* **Work order**: From the material below, reproduce exactly the stretch of lines that begins with the line holding "부산동구 더힐러스병원 예약" and ends with the line holding "大粒 天然 スタールビー", skipping the pictures.

* **Given records**:
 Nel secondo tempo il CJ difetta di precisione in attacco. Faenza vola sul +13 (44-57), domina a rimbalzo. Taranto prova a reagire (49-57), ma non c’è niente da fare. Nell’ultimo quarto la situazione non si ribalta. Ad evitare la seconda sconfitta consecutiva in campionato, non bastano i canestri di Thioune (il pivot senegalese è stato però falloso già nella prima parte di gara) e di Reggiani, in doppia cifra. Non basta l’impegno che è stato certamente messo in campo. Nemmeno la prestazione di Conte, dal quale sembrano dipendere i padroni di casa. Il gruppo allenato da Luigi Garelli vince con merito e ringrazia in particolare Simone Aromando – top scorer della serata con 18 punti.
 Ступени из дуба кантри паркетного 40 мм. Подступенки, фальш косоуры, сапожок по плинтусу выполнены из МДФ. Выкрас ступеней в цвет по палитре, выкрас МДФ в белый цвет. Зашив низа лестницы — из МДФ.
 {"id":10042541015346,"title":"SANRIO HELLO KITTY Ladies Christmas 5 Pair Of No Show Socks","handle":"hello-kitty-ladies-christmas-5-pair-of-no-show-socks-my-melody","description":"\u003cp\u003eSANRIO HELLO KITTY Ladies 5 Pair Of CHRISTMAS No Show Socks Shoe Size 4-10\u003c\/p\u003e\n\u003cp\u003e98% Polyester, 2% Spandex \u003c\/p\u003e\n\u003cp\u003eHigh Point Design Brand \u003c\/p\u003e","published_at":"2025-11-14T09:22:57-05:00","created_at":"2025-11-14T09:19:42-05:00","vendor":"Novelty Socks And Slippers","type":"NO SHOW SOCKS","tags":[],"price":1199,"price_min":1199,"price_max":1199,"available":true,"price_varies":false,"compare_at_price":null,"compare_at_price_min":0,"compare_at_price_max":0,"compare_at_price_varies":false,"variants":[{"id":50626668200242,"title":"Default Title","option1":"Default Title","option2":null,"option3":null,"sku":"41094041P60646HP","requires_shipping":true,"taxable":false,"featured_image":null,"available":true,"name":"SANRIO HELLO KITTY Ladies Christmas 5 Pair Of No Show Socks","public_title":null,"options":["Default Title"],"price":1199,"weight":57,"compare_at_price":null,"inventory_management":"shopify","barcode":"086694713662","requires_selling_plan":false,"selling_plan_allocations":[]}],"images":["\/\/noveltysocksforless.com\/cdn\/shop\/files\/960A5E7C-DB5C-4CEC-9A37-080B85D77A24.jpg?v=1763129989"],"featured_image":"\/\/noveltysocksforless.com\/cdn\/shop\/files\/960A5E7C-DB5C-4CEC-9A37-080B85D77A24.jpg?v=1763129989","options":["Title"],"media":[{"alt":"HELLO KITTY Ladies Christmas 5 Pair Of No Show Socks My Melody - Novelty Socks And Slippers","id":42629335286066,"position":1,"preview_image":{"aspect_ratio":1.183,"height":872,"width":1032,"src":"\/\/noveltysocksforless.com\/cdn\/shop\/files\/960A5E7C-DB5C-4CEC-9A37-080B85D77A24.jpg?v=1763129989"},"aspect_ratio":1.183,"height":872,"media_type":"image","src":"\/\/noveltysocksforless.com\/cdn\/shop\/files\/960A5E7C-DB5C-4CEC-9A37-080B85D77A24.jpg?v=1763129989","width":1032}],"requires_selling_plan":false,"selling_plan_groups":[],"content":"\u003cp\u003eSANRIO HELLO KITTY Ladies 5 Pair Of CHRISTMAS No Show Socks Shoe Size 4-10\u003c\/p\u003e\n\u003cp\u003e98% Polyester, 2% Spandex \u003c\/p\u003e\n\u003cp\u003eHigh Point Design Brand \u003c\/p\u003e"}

...

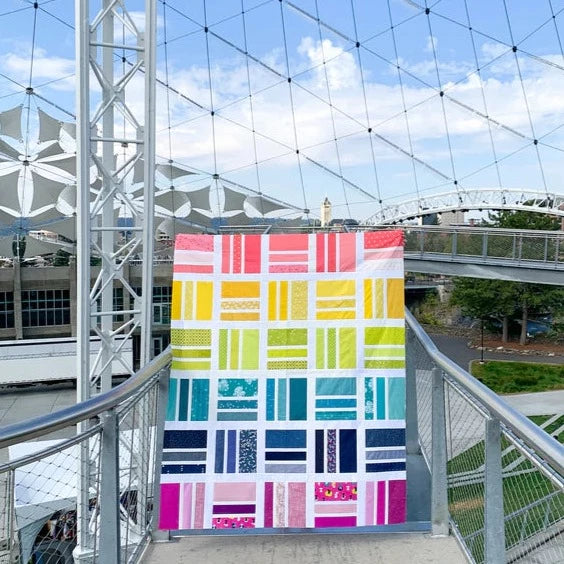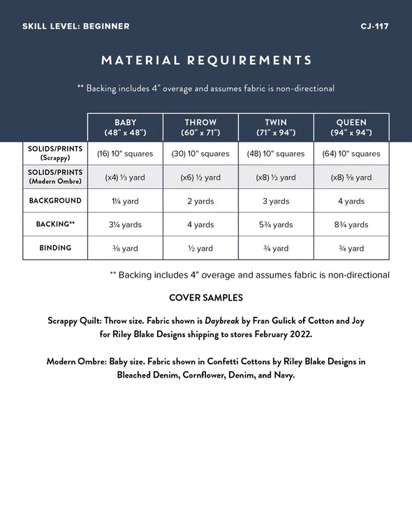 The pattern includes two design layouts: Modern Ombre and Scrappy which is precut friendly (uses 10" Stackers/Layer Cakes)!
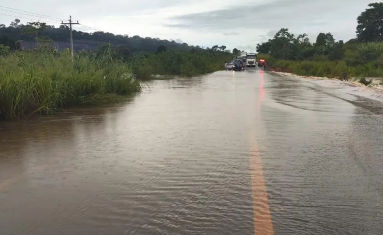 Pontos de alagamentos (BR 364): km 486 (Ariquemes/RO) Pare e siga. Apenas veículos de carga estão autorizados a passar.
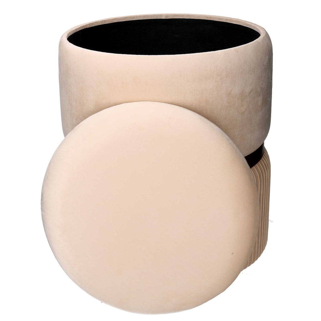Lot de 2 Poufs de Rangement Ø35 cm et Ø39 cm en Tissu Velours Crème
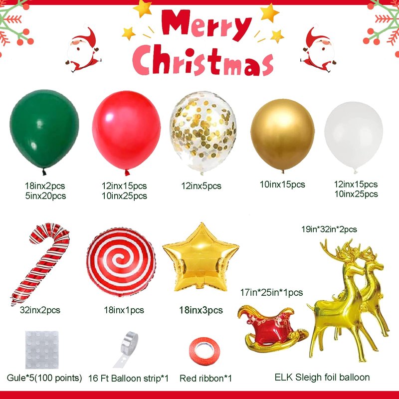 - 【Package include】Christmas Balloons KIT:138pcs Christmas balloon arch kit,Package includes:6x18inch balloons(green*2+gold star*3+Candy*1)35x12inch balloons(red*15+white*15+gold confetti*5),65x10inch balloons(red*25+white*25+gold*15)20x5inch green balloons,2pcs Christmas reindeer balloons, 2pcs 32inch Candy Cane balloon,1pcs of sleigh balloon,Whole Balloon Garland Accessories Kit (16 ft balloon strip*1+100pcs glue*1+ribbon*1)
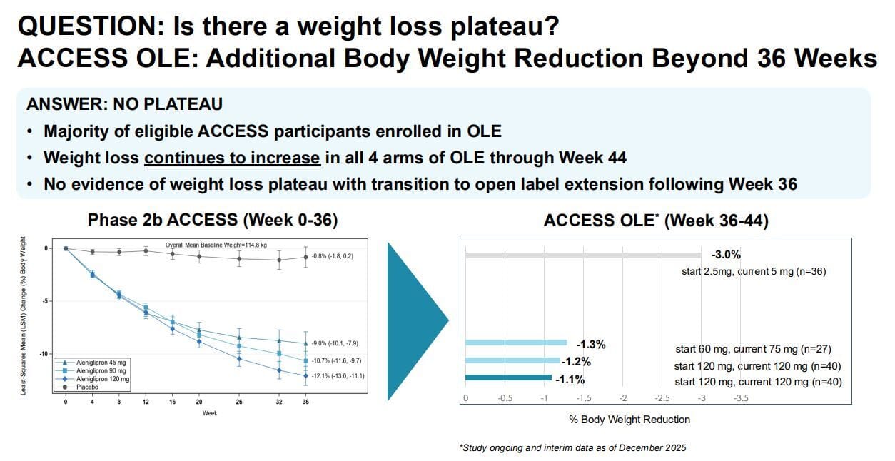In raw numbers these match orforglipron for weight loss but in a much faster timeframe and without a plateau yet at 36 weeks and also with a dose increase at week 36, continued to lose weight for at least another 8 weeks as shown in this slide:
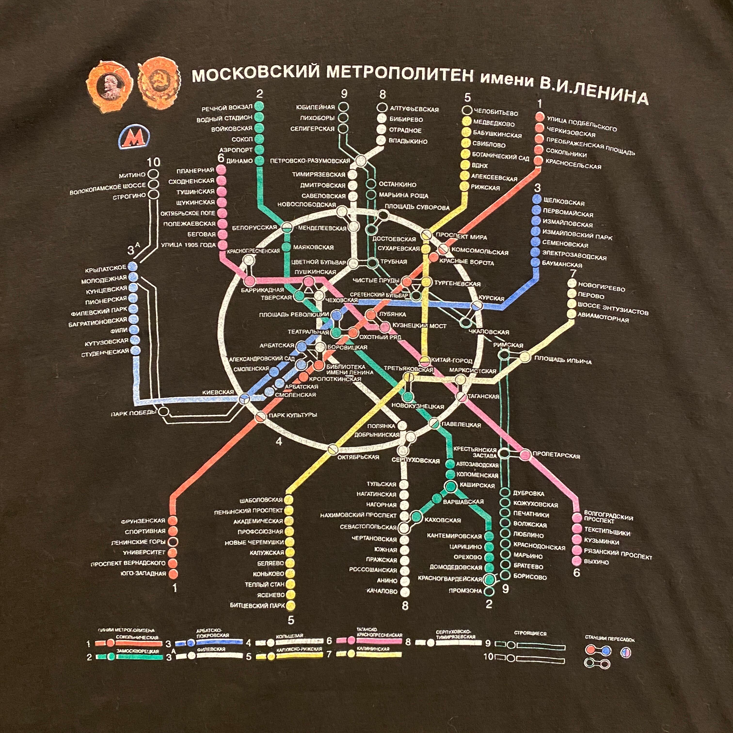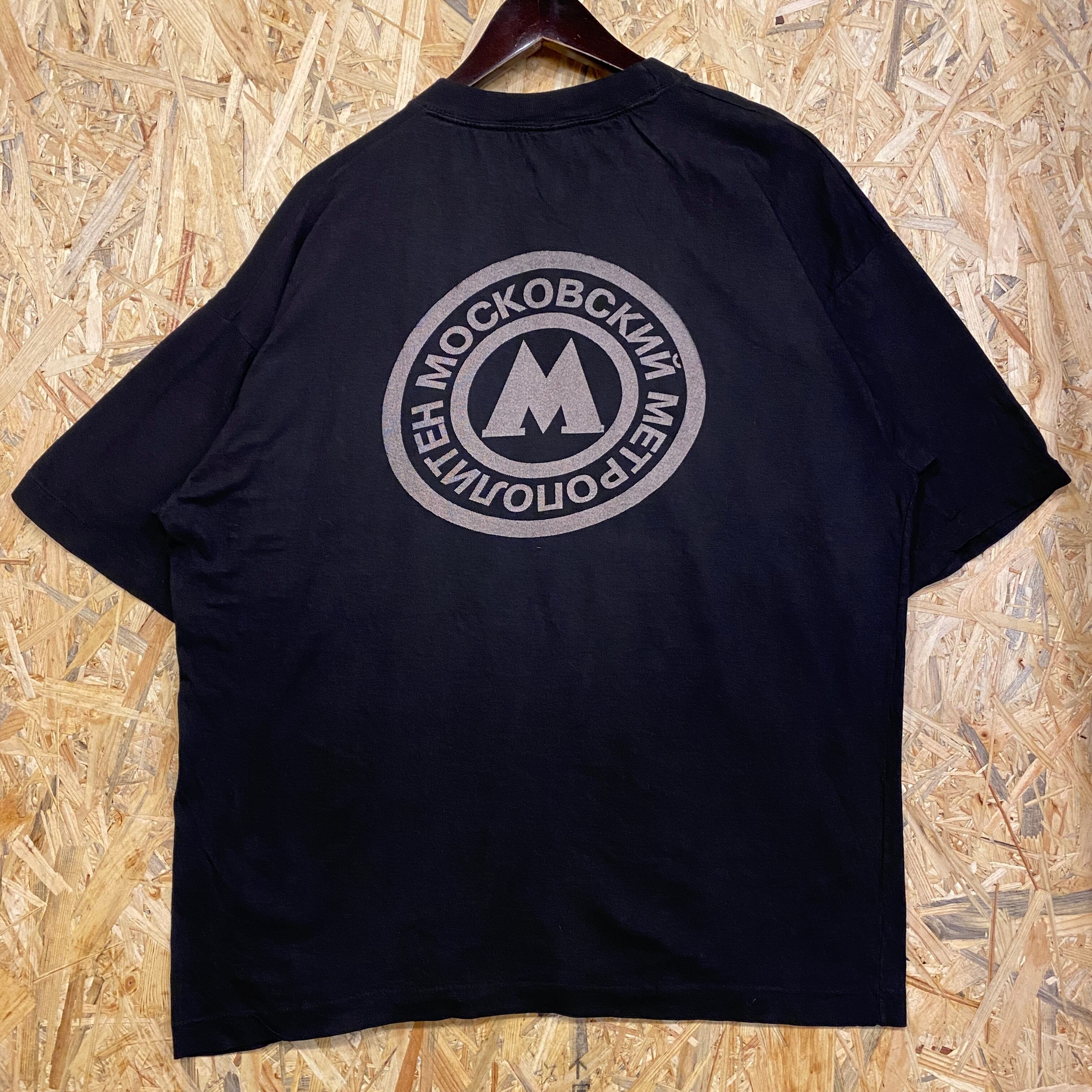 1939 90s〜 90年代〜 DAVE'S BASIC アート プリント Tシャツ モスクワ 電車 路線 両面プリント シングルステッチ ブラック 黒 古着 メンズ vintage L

---

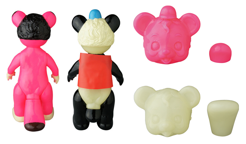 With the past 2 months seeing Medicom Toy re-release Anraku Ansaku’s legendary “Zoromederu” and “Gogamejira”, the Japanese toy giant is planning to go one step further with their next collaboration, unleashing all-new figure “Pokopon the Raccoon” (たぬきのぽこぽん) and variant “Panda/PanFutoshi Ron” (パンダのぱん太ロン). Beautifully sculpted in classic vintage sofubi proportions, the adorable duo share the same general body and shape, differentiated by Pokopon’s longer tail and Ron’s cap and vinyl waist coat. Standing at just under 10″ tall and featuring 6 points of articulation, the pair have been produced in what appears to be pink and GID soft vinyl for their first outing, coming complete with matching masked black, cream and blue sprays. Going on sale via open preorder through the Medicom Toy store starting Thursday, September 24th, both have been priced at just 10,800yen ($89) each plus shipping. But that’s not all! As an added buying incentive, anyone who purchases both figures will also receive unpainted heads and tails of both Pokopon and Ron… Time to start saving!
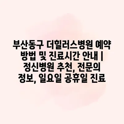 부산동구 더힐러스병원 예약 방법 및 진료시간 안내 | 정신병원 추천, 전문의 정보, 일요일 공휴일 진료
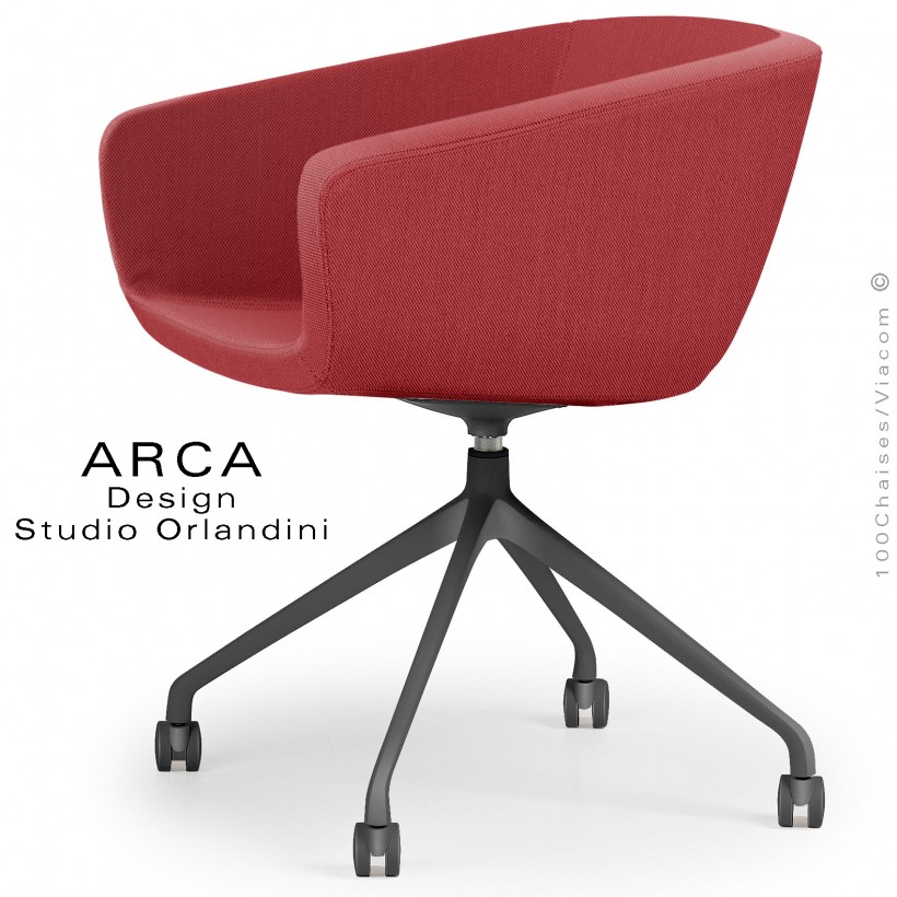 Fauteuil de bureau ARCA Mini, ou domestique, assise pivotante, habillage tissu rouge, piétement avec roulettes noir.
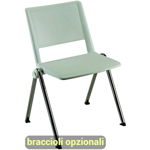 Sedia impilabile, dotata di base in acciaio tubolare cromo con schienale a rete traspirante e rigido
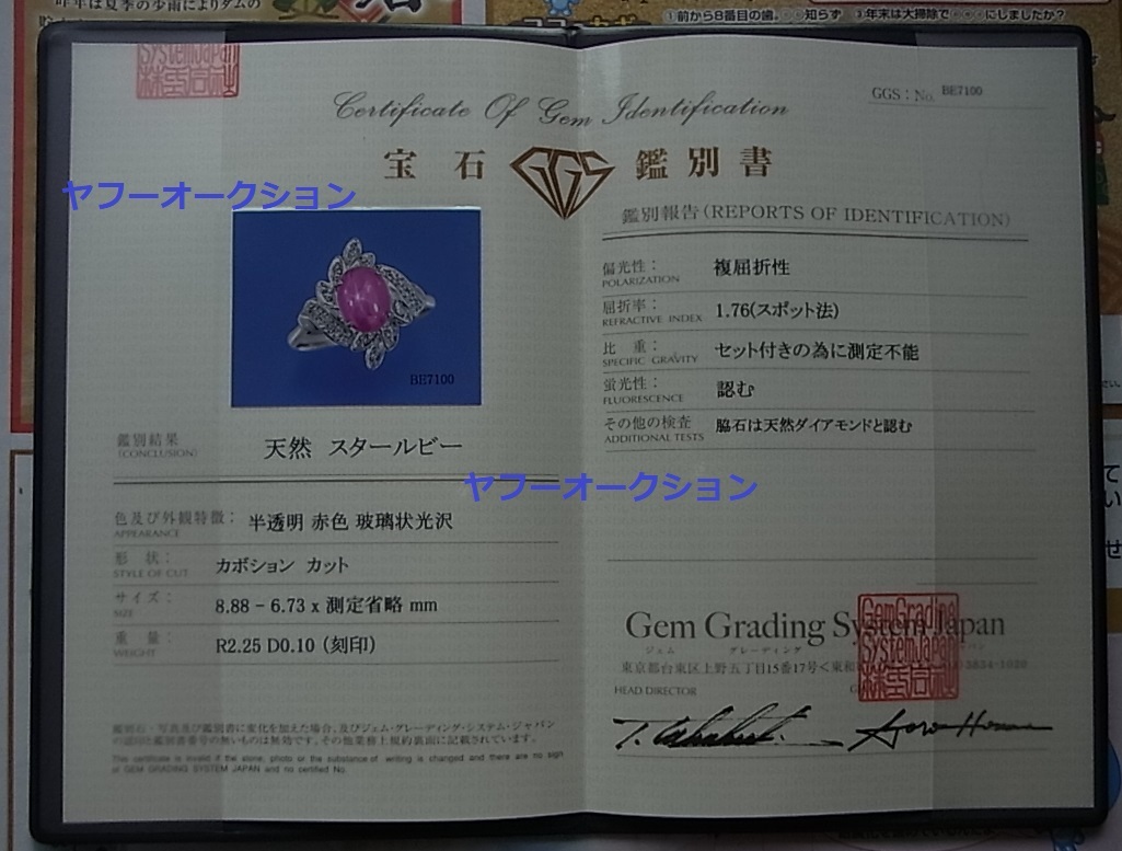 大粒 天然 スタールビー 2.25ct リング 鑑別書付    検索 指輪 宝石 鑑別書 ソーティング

* **Written solution**:
 부산동구 더힐러스병원 예약 방법 및 진료시간 안내 | 정신병원 추천, 전문의 정보, 일요일 공휴일 진료
 Fauteuil de bureau ARCA Mini, ou domestique, assise pivotante, habillage tissu rouge, piétement avec roulettes noir.
 Sedia impilabile, dotata di base in acciaio tubolare cromo con schienale a rete traspirante e rigido
 大粒 天然 スタールビー 2.25ct リング 鑑別書付    検索 指輪 宝石 鑑別書 ソーティング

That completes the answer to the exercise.